I remember reading about the concept of hygge a few years ago when it was all the rage in America: a form of sprucing up our winters so they’d be more fun (bearable); a way to transform them into something evergreen-scented and Instagrammable. We do this with everything, you know. We turn suffering into a cursively-printed meme so that it looks like we chose to put ourselves within our current circumstances, like this is all part of our greater plan to better ourselves and the world.
There is no dressing up the flu.
Last week, on the third day of my three days of antibiotics, I was driving home from getting fingerprinted for permanent Australian residency paperwork when my phone rang. My doctor was on the other end of the line: “You’re going to laugh,” he said. “Want to f-ing bet?” I wished I could say, because I knew what was coming: my throat swab had come back positive for influenza A.
So there had been no real need, other than placebo effect, for that gut-searing trio of pills, but I wasn’t mad. I felt validated. I texted The Husband from the next red light–I HAVE THE FLU, OFFICIALLY–so that he’d know the struggle had, indeed, been real, that my hacking coughs at bedtime weren’t just for show. My aches and exhaustion had a source, one I’d supposedly been inoculated against but JUST KIDDING NOT THAT STRAIN, and the preceding and next few days would be marked by mandated rest.
Cue the Netflix.
“I always wish I had more time to read and watch TV, and then when I do, I’m mad that I can’t do more,” I told a friend, who reasoned that it would be more fun to read and watch TV if I didn’t feel like shit. I forgot that part. Nonetheless, I camped out in front of of the brick-of-a-memoir I’m reading, in front of peppermint and camomile teas, in front of Adam Sandler movies, in front of a week devoid of the gym and sweating other than from a fever. Then, on Saturday as I was getting my hair did for a dinner, my hairstylist mused that maybe the alcohol that would be served that night would actually help me get better, and my recovery officially entered a new mode: back to real life.
But not too far back into it, as I sat on the couch Sunday and searched Netflix for Christmas movies, settling finally on 2015’s A Very Murray Christmas and spending the next hour charmed by its host. Winter in Sydney is not the brutal whitescape that motivated the Danes toward the philosophy of hygge, but also: it’s not the beautiful whitescape that motivated the Danes toward the philosophy of hygge. It’s a number of things, among them the good–sixty-five degree days at the beach in the sun; the bad–grey dreariness for days at a time; and the ugly–no Christmas.
So I made my own little hygge right there on the couch, Christmas carols and peppermint tea blazing.
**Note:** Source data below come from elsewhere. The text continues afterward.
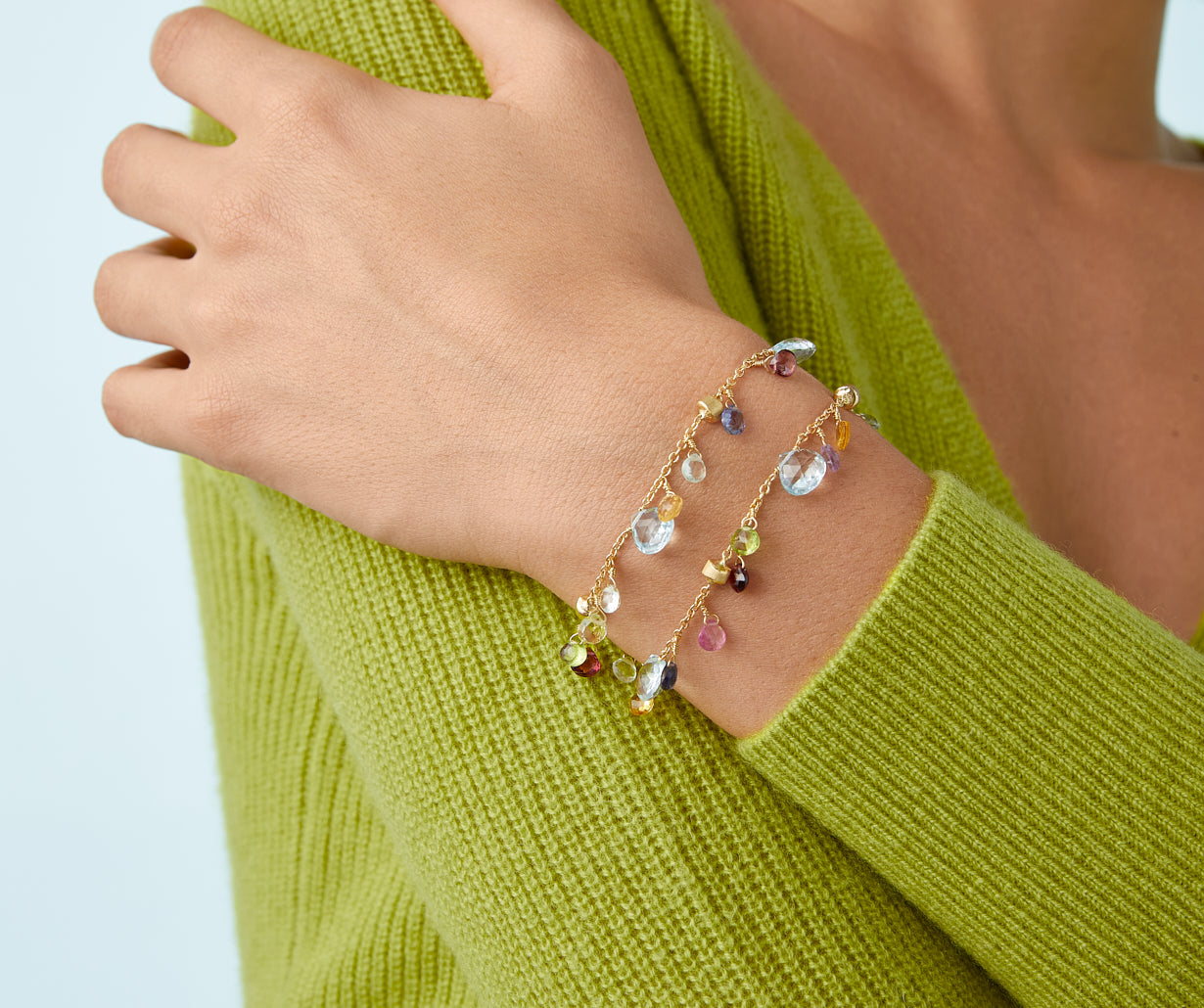 This beautiful multi-strand bracelet stands out for its vibrant colour combinations, with multicoloured heart-cut gemstones featuring alongside elegantly pure sky topazes. The 18kt yellow gold nuggets are finely hand-engraved using an ancient Florentine technique.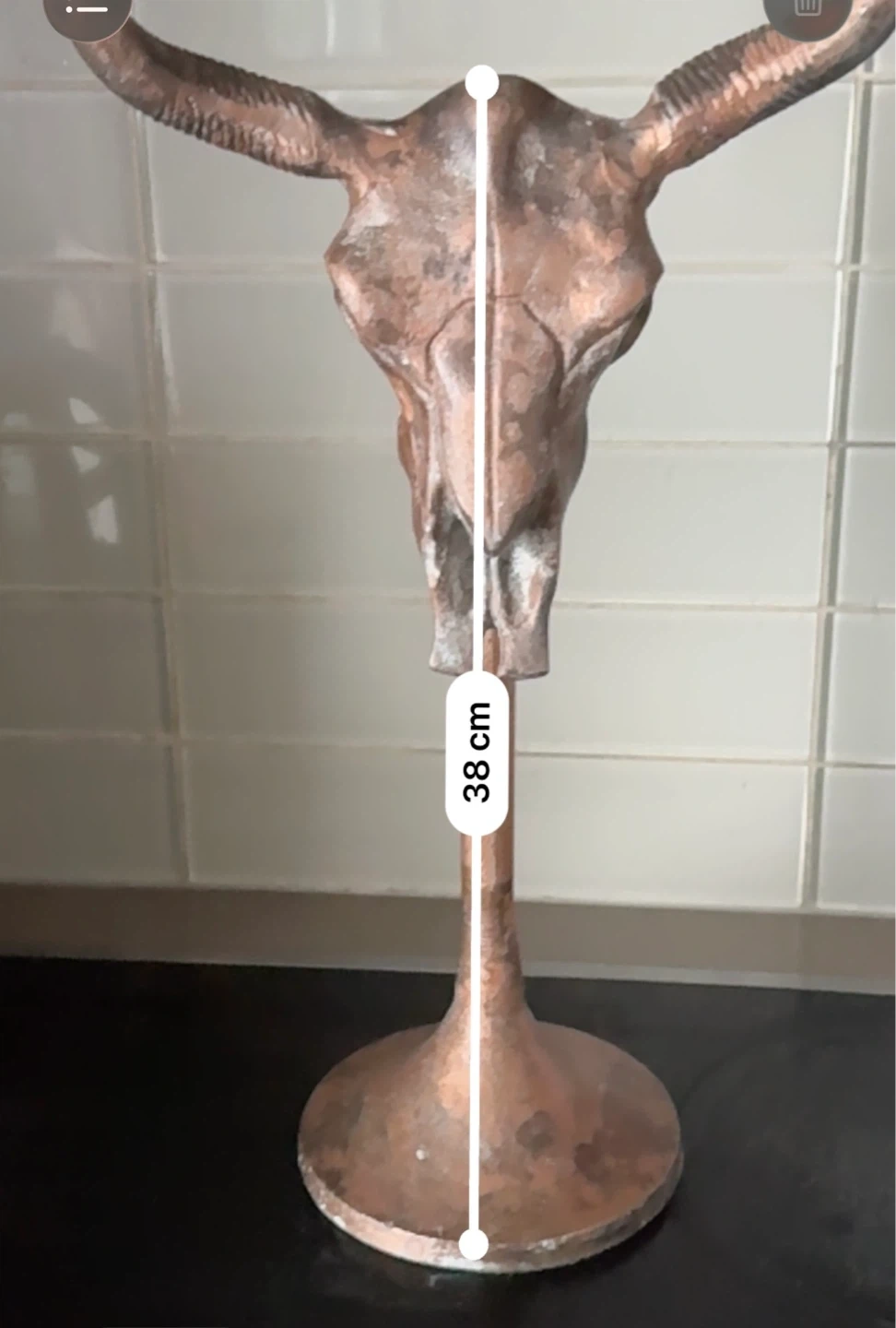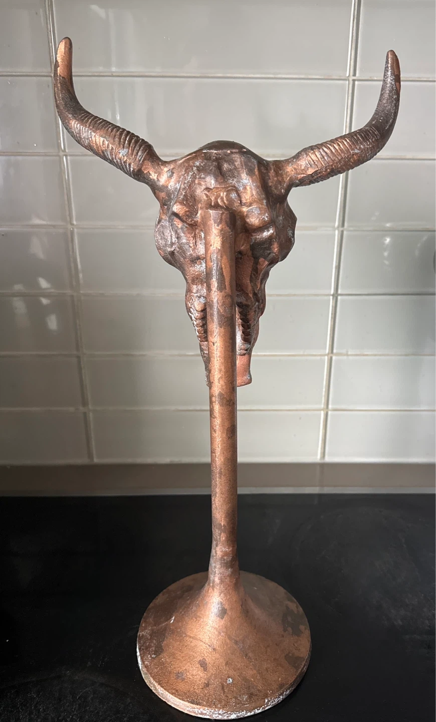 A decorative bull skull statue with a copper finish. It stands approximately 38 cm tall. This piece adds a unique, rustic touch to any space. Great for a mantelpiece or shelf! I loveee the rustic, copper colors it has.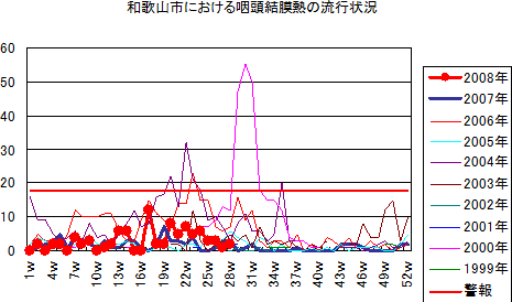 和歌山市では,2006年では第10週をピークに流行が続きましたが、第19週以降漸減しています。2007年では第15週までの期間1〜11件を推移していましたが、その後は5件以下と例年以下の状況が続いていましたが、第45週は7件の報告がありました。2008年は、第27週は11件(定点当たり1.22)と増加していましたが、第28週は3件と減少しました。
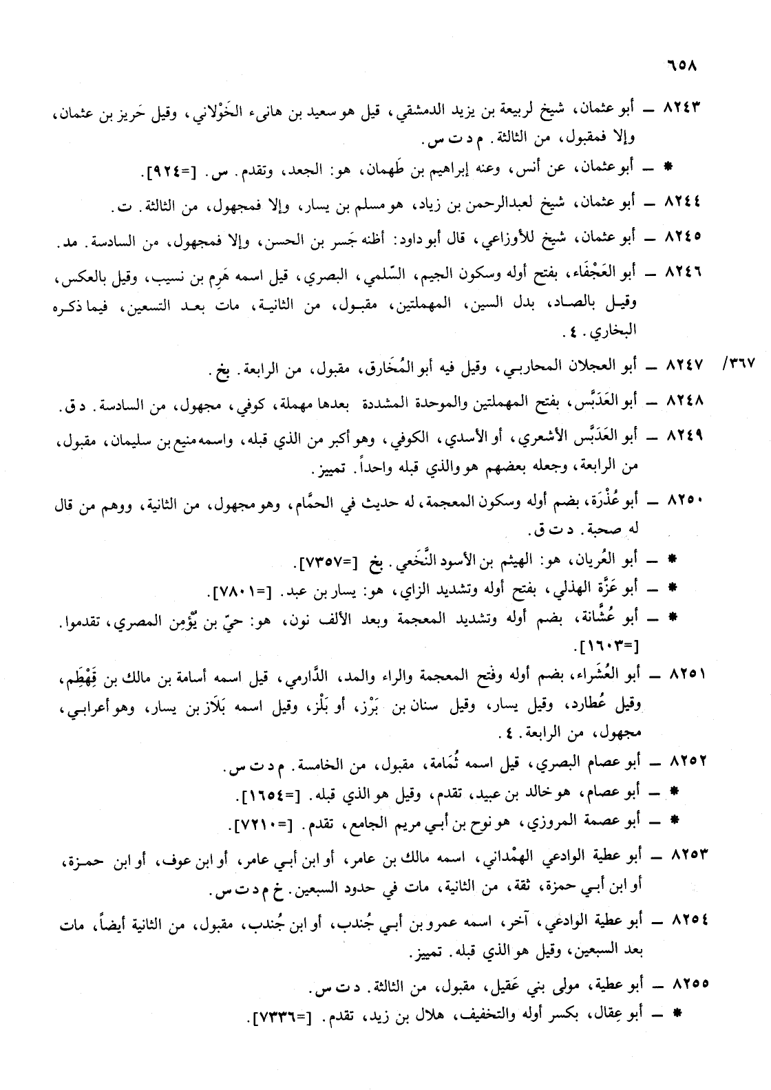 8243- أبو عثمان شيخ لربيعة ابن يزيد الدمشقي قيل هو سعيد ابن هانئ الخولاني وقيل حريز ابن عثمان وإلا فمقبول من الثالثة م د ت س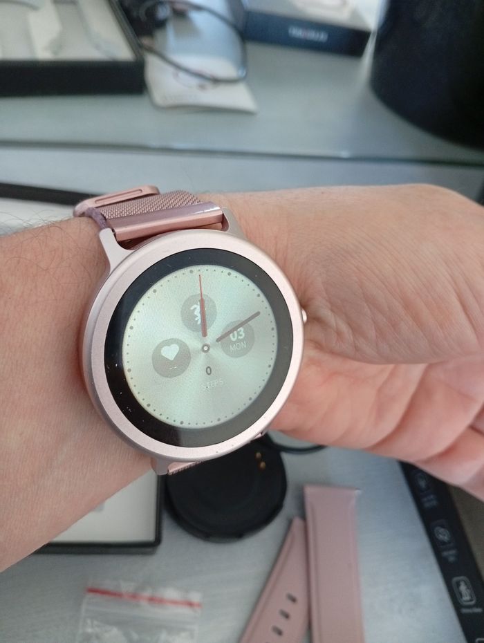【Écran Tactile et Deux Bracelets】:ELEGIANT C540 montre connectée femme bénéficie de l’écran IPS de haute qualité de 1,28 pouce, sa finition exquise peut nous faire sentir sa noble élégance. Avec l’équipement de capteur de gravité à trois axes STK8321, la conception peut être plus légère, petite et précise dans la mesure des données. Nous proposons également le bracelet en métal Milan et le bracelet en caoutchouc TPU.
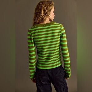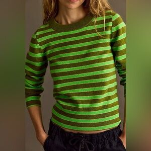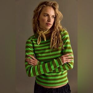 NWT Free People Malibu Striped Cashmere Crewneck ~Lime Combo~

I had been forced into a week of rest and this was its swan song, the celebration of stillness.
This stillness is not one I chose, like so many of the hard-to-unwrap gifts I’ve been given. But the unwrapping has occurred anyway, the presents revealed in the present: closeness with the boys on the couch; laughing together at The Cat in the Hat‘s animated antics; watching them get bored, tell me about their boredom, and then create tools to deal with it; hearing them play together; forcing them into an awareness of a mom who can’t do as much or be as everything right now. TH took them to school one morning while I both luxuriated in this rare event and questioned my own value without my typical usefulness.
I had a lot of time to think, is what I’m saying. A lot of time to…notice.
And here is what I noticed, the things that pop out in stillness and reveal themselves as gifts: how easy it usually is to use my lungs. How beautiful the view is from the window. How good food can taste. How social Little Brother is, how he puts too much pressure on himself to please others, how gorgeously affectionate and sensitive he is. How The Kid may complain about what he has to do, but then he does it and I get a photo texted from his therapist of the artwork he spent hours on at school, a rendering–his incomparable rendering–of a book cover that is now on its way to be celebrated in the principal’s office with the teacher’s comment echoing my own: “I just love the way he sees the world.”
These moments of awareness, of the clouds opening up for the rainbow, of rest in the midst of everything else: like a song, maybe the one I chose or the one the boys did, echoing throughout the car as LB sings along in the backseat, music always waiting to be heard.